### TRY IT
Write out the data word for word and omit every picture.

-------

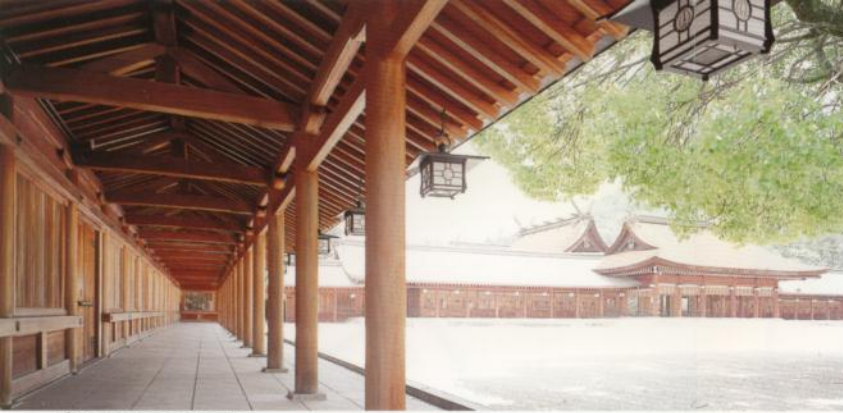
1 Santuario de Kashiwara
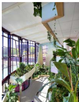
Ospedale "Isala" a Zwolle (NL)

Alberts & Van Huut International Architects in collaborazione con Aan de Amstel Architects
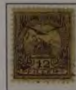
12 Filler braunviolett
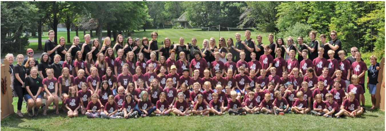
Heritage nometnes kopbile
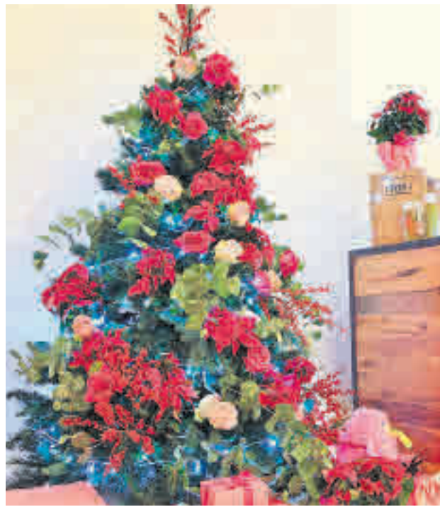
Árboles con flores encapsuladas MARÍA SALAZAR
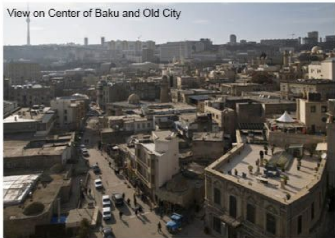
View on Center of Baku and Old City

La Conférence a désigné la ville de Najaf (Irak), capitale de la Culture islamique au titre de l'année 2012, pour la région arabe, et la ville de Sharjah (EAU), capitale de la culture islamique pour l'année 2014, pour la région
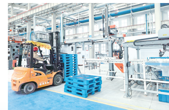
循环经济风生水起，抢占绿色发展新赛道。图为九昱塑胶生产车间一角。
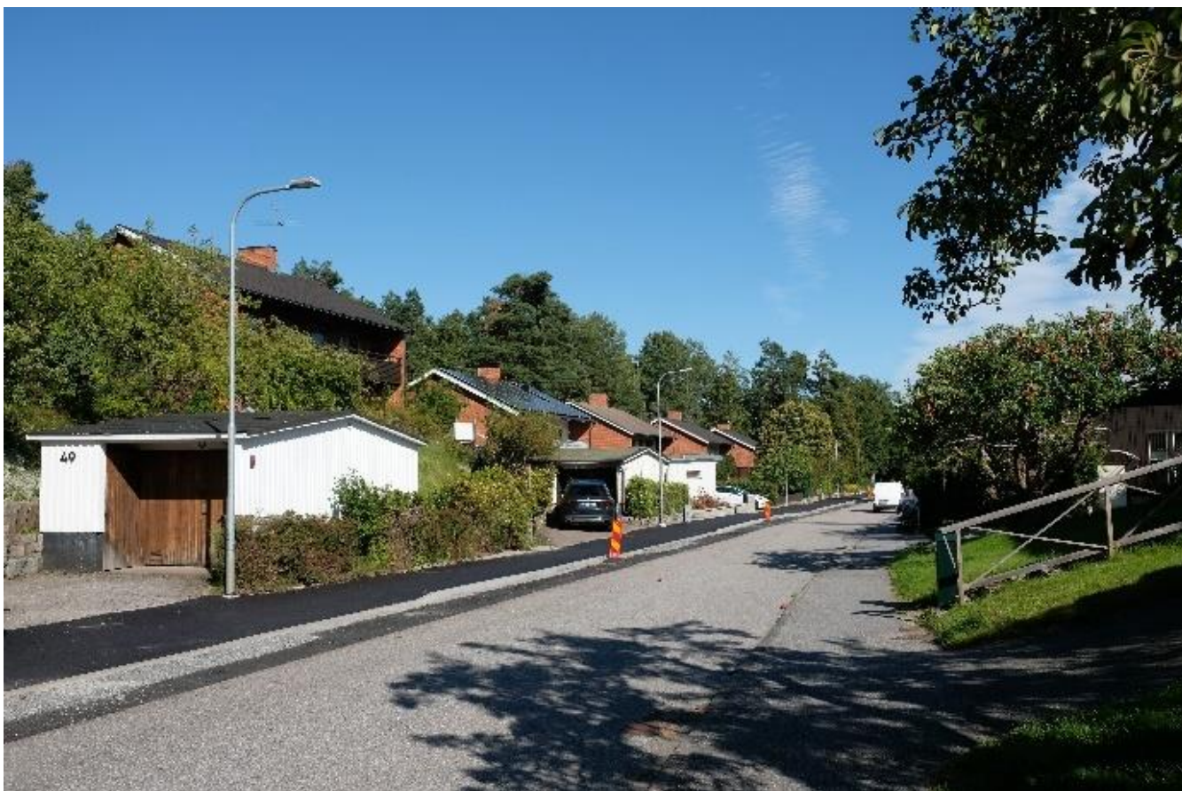
Figur 18. Lövdalsvägens dalgång med 1960-talets suterrängvillor. Dalgången, hällmarksvegetationen i bakkant av tomterna och trädgårdarna skapar ett grönt rum.

Bebyggelsen har bevarat sina ursprungliga karaktärsdrag mycket väl. Tillsammans med trädgårdarna och den grönskande omgivningen skapas ett område med en helt egen och lätt avläsbar, bitvis parklik karaktär.
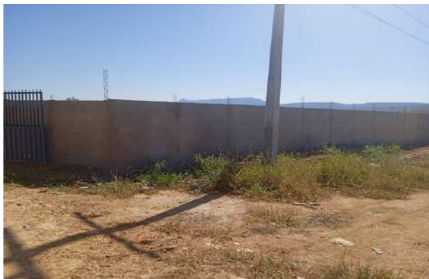
Figura 1: Área externa do lixão onde será construído cinturão verde.
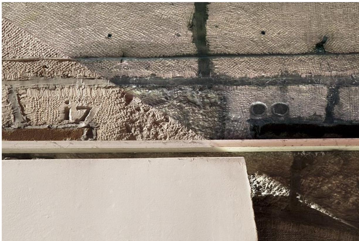
Façade antérieure : détail du chronogramme au-dessus de l'entrée.

25, Besançon, 5 rue Bersot, lieudit : îlot Proudhon
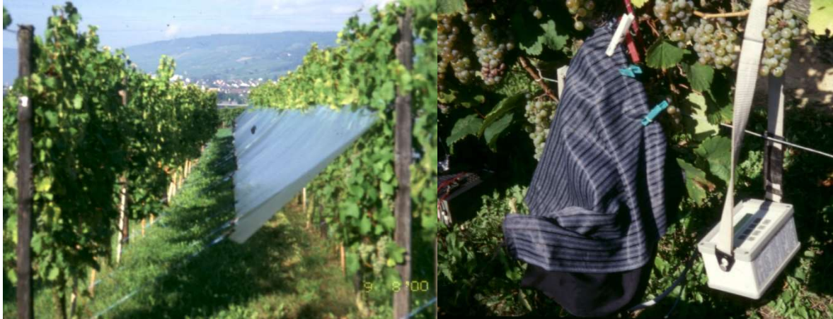
Figura 2 - Aspecto geral do ensaio sobre os efeitos da radiação UV na qualidade das uvas (esq) e pormenor da medição da fluorescência nos bagos (dta), Geisenheim, 2000.

ecológica de encosta de grande declive. Pretende-se analisar as alterações no armazenamento de água na planta e sua contribuição para a transpiração matinal; avaliar a contribuição da transpiração da cobertura vegetal (comparação de relvamento espontâneo, semeado e coberturas orgânicas mortas) no consumo de água da vinha e determinar os efeitos nas reservas da planta e na qualidade da uva e vinho.

-------

### EXPECTED OUTPUT
1 Santuario de Kashiwara
Ospedale "Isala" a Zwolle (NL)

Alberts & Van Huut International Architects in collaborazione con Aan de Amstel Architects
12 Filler braunviolett
Heritage nometnes kopbile
Árboles con flores encapsuladas MARÍA SALAZAR
View on Center of Baku and Old City

La Conférence a désigné la ville de Najaf (Irak), capitale de la Culture islamique au titre de l'année 2012, pour la région arabe, et la ville de Sharjah (EAU), capitale de la culture islamique pour l'année 2014, pour la région
循环经济风生水起，抢占绿色发展新赛道。图为九昱塑胶生产车间一角。
Figur 18. Lövdalsvägens dalgång med 1960-talets suterrängvillor. Dalgången, hällmarksvegetationen i bakkant av tomterna och trädgårdarna skapar ett grönt rum.

Bebyggelsen har bevarat sina ursprungliga karaktärsdrag mycket väl. Tillsammans med trädgårdarna och den grönskande omgivningen skapas ett område med en helt egen och lätt avläsbar, bitvis parklik karaktär.
Figura 1: Área externa do lixão onde será construído cinturão verde.
Façade antérieure : détail du chronogramme au-dessus de l'entrée.

25, Besançon, 5 rue Bersot, lieudit : îlot Proudhon
Figura 2 - Aspecto geral do ensaio sobre os efeitos da radiação UV na qualidade das uvas (esq) e pormenor da medição da fluorescência nos bagos (dta), Geisenheim, 2000.

ecológica de encosta de grande declive. Pretende-se analisar as alterações no armazenamento de água na planta e sua contribuição para a transpiração matinal; avaliar a contribuição da transpiração da cobertura vegetal (comparação de relvamento espontâneo, semeado e coberturas orgânicas mortas) no consumo de água da vinha e determinar os efeitos nas reservas da planta e na qualidade da uva e vinho.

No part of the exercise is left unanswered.